By submitting one query, users may have different intents. For an ambiguous query, users may seek for different interpretations. For a faceted topic, users may be interested in different subtopics. In this project, we investigate how many queries are ambiguous in real search logs; we propose methods to diversify search results; we experiment with new metrics to measure diversity; we also organize NTCIR INTENT and IMINE tasks to provide common data for IR community.
This is the new homepage for
- New URL for the INTENT-2 homepage: http://research.microsoft.com/INTENT/
IMPORTANT DATES (in Japan Time: UTC+9)
May 31, 2012
|Chinese/Japanese topics, query suggestions and non-diversified baseline Document Ranking runs released|
|June 18, 2012||English topics (for Subtopic Mining only) released (same as TREC 2012 web topics)|
|July 31, 2012||all submissions due (CLOSED)|
|Aug-Dec 2012||identify intents from subtopics -> per-intent relevance assessments|
|Dec 21, 2013||evaluation results released, with a draft overview|
|March 1, 2013||draft participant papers due|
|May 1, 2013||camera ready papers due|
|June 18-21, 2013||NTCIR-10 at NII, Tokyo|
The second round of the INTENT task (INTENT-2) is similar to INTENT-1: please refer to the Overview of INTENT-1. As before, we have Subtopic Mining and Document Ranking subtasks for both Chinese and Japanese. In addition, this time we also have an English Subtopic Mining task by sharing topics with the TREC 2012 web track diversity task.
Subtopic Mining: given a query, return a ranked list of possible "subtopic strings." (See below for the definition.)
The subtopic strings returned by participants will be manually merged into intents for evaluating both Subtopic Mining and Document Ranking.
Document Ranking: given a query, return a selectively diversified ranked list of web pages.
The document collections for Chinese and Japanese are the same as those used at INTENT-1 (SogouT and ClueWeb09-JA). See the INTENT-1 homepage for obtaining these collections.
WHAT'S NEW AT INTENT-2
Besides the introduction of English Subtopic Mining, here are the departures from INTENT-1:
We have provided a clear definition of what a subtopic string should be (see below).
Organisers will provide query suggestions from major search engines to participants instead of making them scrape the suggestions for themselves. This will make the experiments more repeatable and comparable.
Similarly, organisers will provide non-diversified baseline search results, complete with their web contents, to participants. Thus, even those who do not have the document collections can participate by reranking the baselines.

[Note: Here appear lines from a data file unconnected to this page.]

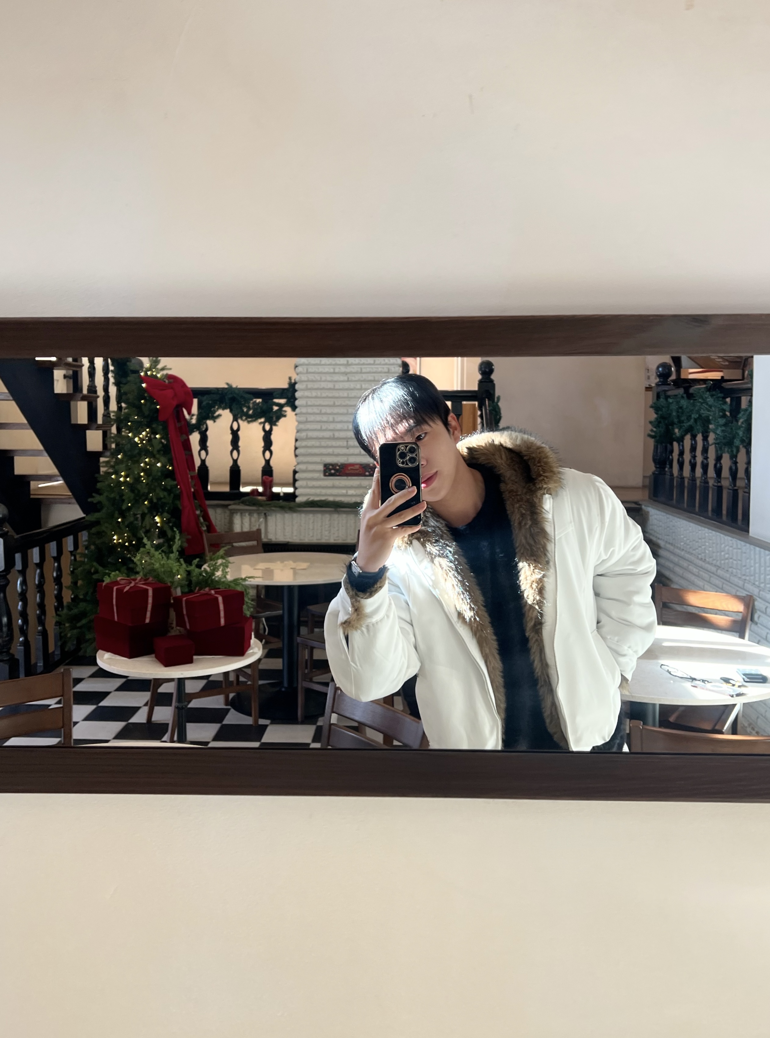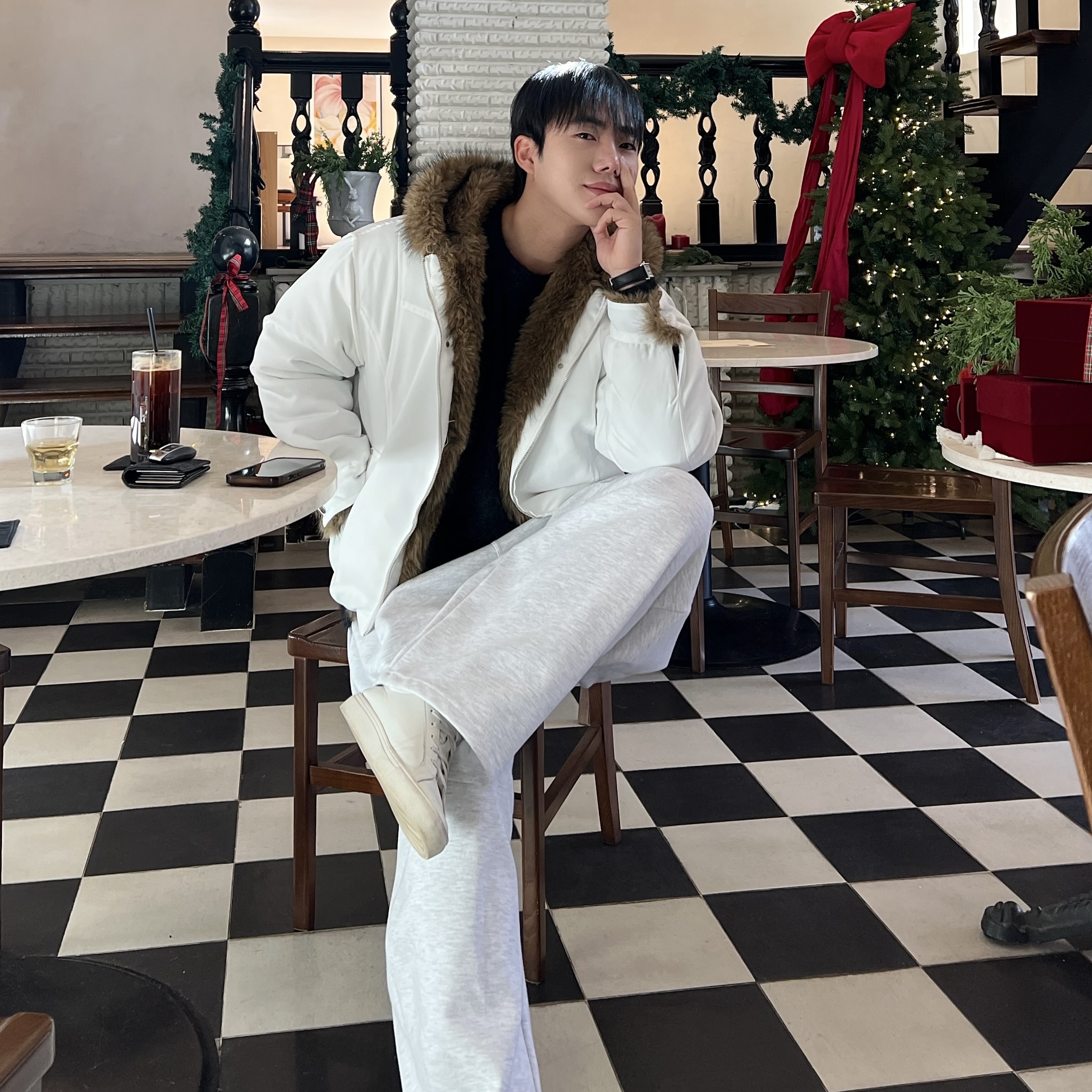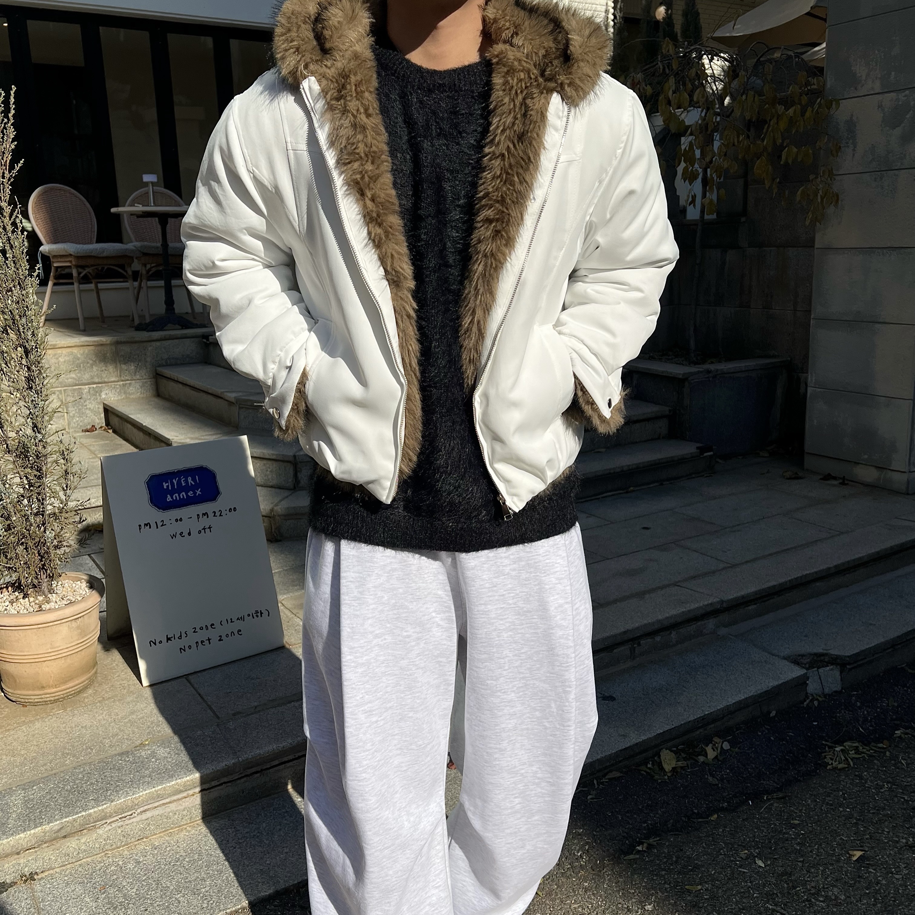 - 풍성한 퍼가 얼굴을 자연스럽게 감싸주며 겨울 무드를 극대화하는 시그니처 포인트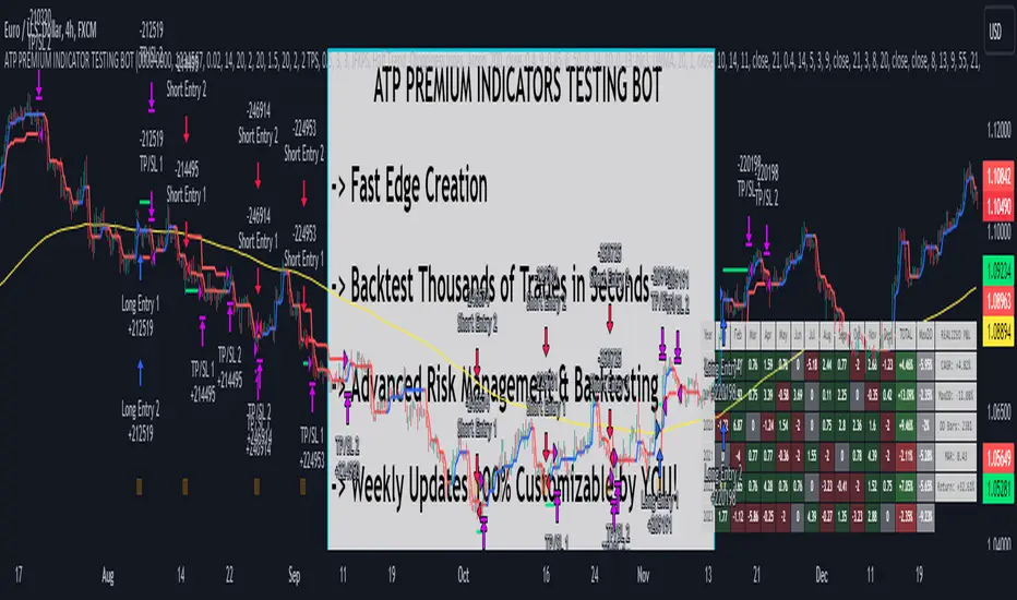 The ATP Premium Indicators Testing Bot is the most advanced and comprehensive tool available for building, testing, and refining trading strategies. Test thousands of trades in seconds, access almost 100 indicators, download detailed trade data, and discover new edges you never thought possible. This unique bot offers unparalleled flexibility and power, allowing you to test, customize, and automate your strategies like never before. Backtest with confidence, automate with precision, and stay ahead of the competition with weekly updates and expanding features.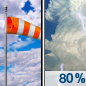 Temperature: 79°F Wind Speed: 14 to 21 mph Wind Direction: S Forecast: A slight chance of showers and thunderstorms between 1pm and 4pm, then showers and thunderstorms. Some of the storms could be severe and produce heavy rain. Partly sunny, with a high near 79. South wind 14 to 21 mph, with gusts as high as 30 mph. Chance of precipitation is 80%. |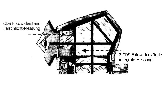 Alpa 9D Anordnung von drei Kleinflaechen - Fotowiderstaenden am Prisma neben und ueber dem Okular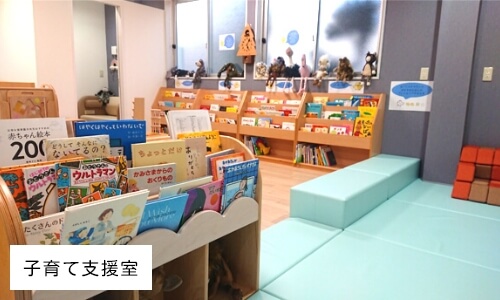 - ➃子育て支援室にて絵本貸出し・室内遊具・おむつ替え台、授乳室利用可能。

The INTENT-2 Chinese and Japanese topic sets (shared across Subtopic Mining and Document Ranking) will contain not only ambiguous and underspecified queries (which probably require diversification), but also one-item search queries (which probably don't require diversification). Here, a one-item search query is one that requires only one answer or one particular webpage. Thus, in Document Ranking, selective diversification will be encouraged.
INTENT-2 participants will be asked to process not only the INTENT-2 topics but also the INTENT-1 topics, for the purpose of discussing topic set comparability and monitoring progress.
Similarly, INTENT-1 participants who have come back for INTENT-2 will be encouraged to run their INTENT-1 systems with the INTENT-2 topics as well, to discuss progress.
WHAT IS A SUBTOPIC STRING?
In the Subtopic Mining subtask, participants are required to return a ranked list of subtopic strings, not a ranked list of document IDs. What is a subtopic string?
A subtopic string of a given query is a query that specialises and/or disambiguates the search intent of the original query. If a string returned in response to the query does neither, it is considered incorrect.
original query: "harry potter" (underspecified)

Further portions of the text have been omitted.